Peter Buneman Peter Buneman is a British computer scientist noted for foundational contributions to database theory, data provenance, and the study of semistructured data. He held long-term appointments at the University of Edinburgh and collaborated with researchers at institutions such as Microsoft Research, Massachusetts Institute of Technology, and the University of Oxford. His work influenced systems and languages used in projects at organizations including Oracle Corporation, IBM Research, and the World Wide Web Consortium.

Early life and education

Born in 1947, Buneman completed his undergraduate studies at the University of Cambridge where he studied Trinity College and the Computer Laboratory. He earned a doctorate under advisors associated with topics in typed lambda calculus and programming language semantics influenced by figures at Princeton University and University of California, Berkeley. His early academic formation intersected with contemporaries from institutions such as Imperial College London, University of Manchester, and the Max Planck Institute for Informatics.
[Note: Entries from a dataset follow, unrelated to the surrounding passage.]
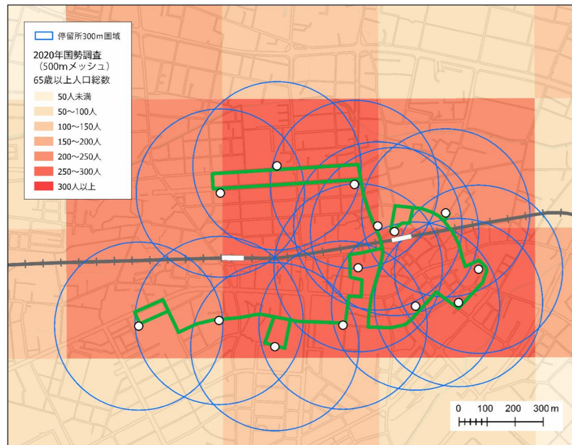
図 電動ミニバスの利用圏域図
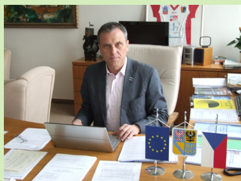
- Váš Jiří Rozbořil, hejtman Olomouckého kraje -

Ať již patříte do kterékoliv skupiny, chci Vám všem v těchto krásných jarních dnech popřát příjemné, klidné a spokojené prožití Velikonocních svátků naplněných vzájemným porozuměním a tolerancí.
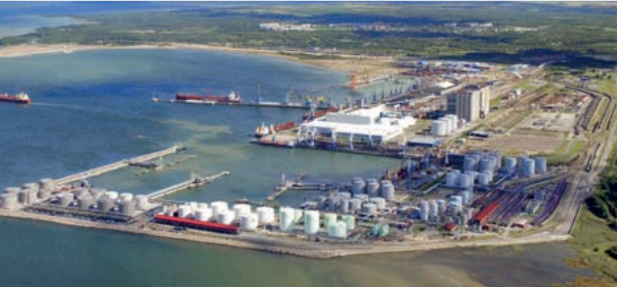
Muugan vuonna 1986 perustettu satama on Itämeren alueen syvin, ja nyt sitä laajennetaan. Tallinna Sadam -yhtiöllä on yhteensä neljä satamaa.
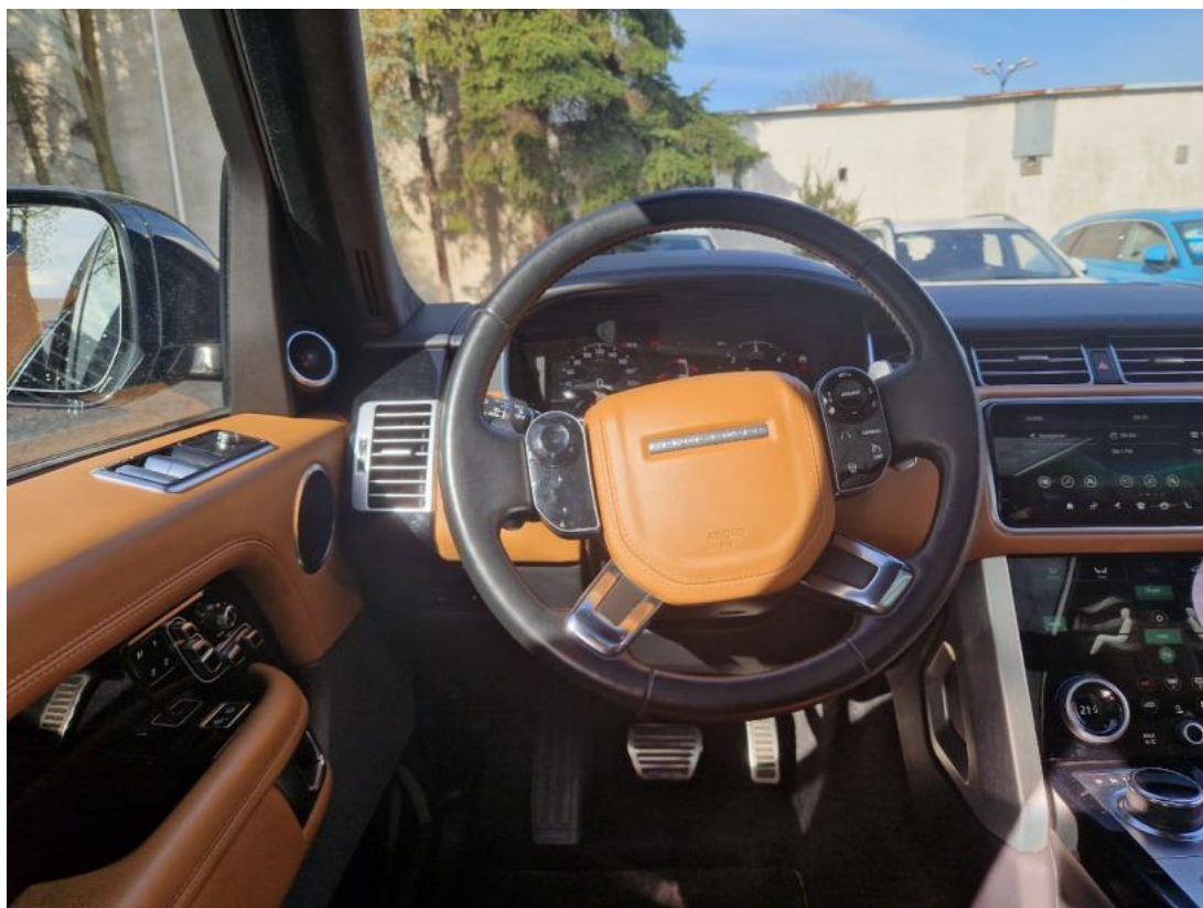
Fot. 21 Kierownica (na wprost)

Academic career and positions

Buneman joined the faculty of the University of Edinburgh where he was a professor in the School of Informatics. He served on committees and editorial boards connected to journals and conferences such as ACM SIGMOD, VLDB, PODS, and IEEE Transactions on Knowledge and Data Engineering. He spent sabbaticals and visiting positions at Microsoft Research, the Massachusetts Institute of Technology, and collaborative stints with researchers at ETH Zurich, Université Paris-Sud, and Tokyo Institute of Technology. He supervised doctoral students who later held positions at Stanford University, University of California, Berkeley, and University of Pennsylvania.

Research contributions

Buneman produced seminal work on the theory and practice of relational database foundations connected to the Codd model and extensions influencing SQL semantics discussed at ISO/IEC JTC 1/SC 32 meetings. He introduced influential formalisms for data provenance that connected provenance models to provenance in projects at NASA data systems and the European Bioinformatics Institute. His research on semistructured data prefigured standards adopted by the World Wide Web Consortium for XML and shaped query languages related to XPath and XQuery. Buneman also contributed to the study of query optimization and schema mappings used in systems from Oracle Corporation and IBM Research, and he explored connections between database theory and programming language concepts such as type theory and monads presented at venues including CONCUR and LICS. His interdisciplinary collaborations spanned teams at Wellcome Trust Sanger Institute, European Molecular Biology Laboratory, and the Allen Institute for Artificial Intelligence where provenance and data integration were crucial.

Awards and honors

Buneman received recognition from learned societies and organizations including election to the Royal Society of Edinburgh and honours from the Association for Computing Machinery and the British Computer Society. He was invited to deliver plenary talks at conferences such as PODS, VLDB, and ICDE, and he received lifetime and service awards from professional bodies including ACM SIGMOD and the European Association for Theoretical Computer Science. His contributions were cited in award notices at institutions including Microsoft Research and commemorated in festschrifts hosted by the University of Edinburgh and the University of Oxford.

Selected publications

- "Foundations of Data Provenance" — influential papers presented at PODS and VLDB addressing provenance models and annotations with applications to bioinformatics and geospatial data. - "Semistructured Data and the Web" — work linking semistructured models to XML and query languages like XQuery, with follow-on citations in World Wide Web Conference proceedings. - Contributions to textbooks and handbooks coauthored with researchers from Stanford University, MIT Press, and the Cambridge University Press on topics bridging database theory and programming languages. - Articles in journals including Journal of the ACM, Communications of the ACM, and IEEE Transactions on Knowledge and Data Engineering on schema mappings, query languages, and provenance.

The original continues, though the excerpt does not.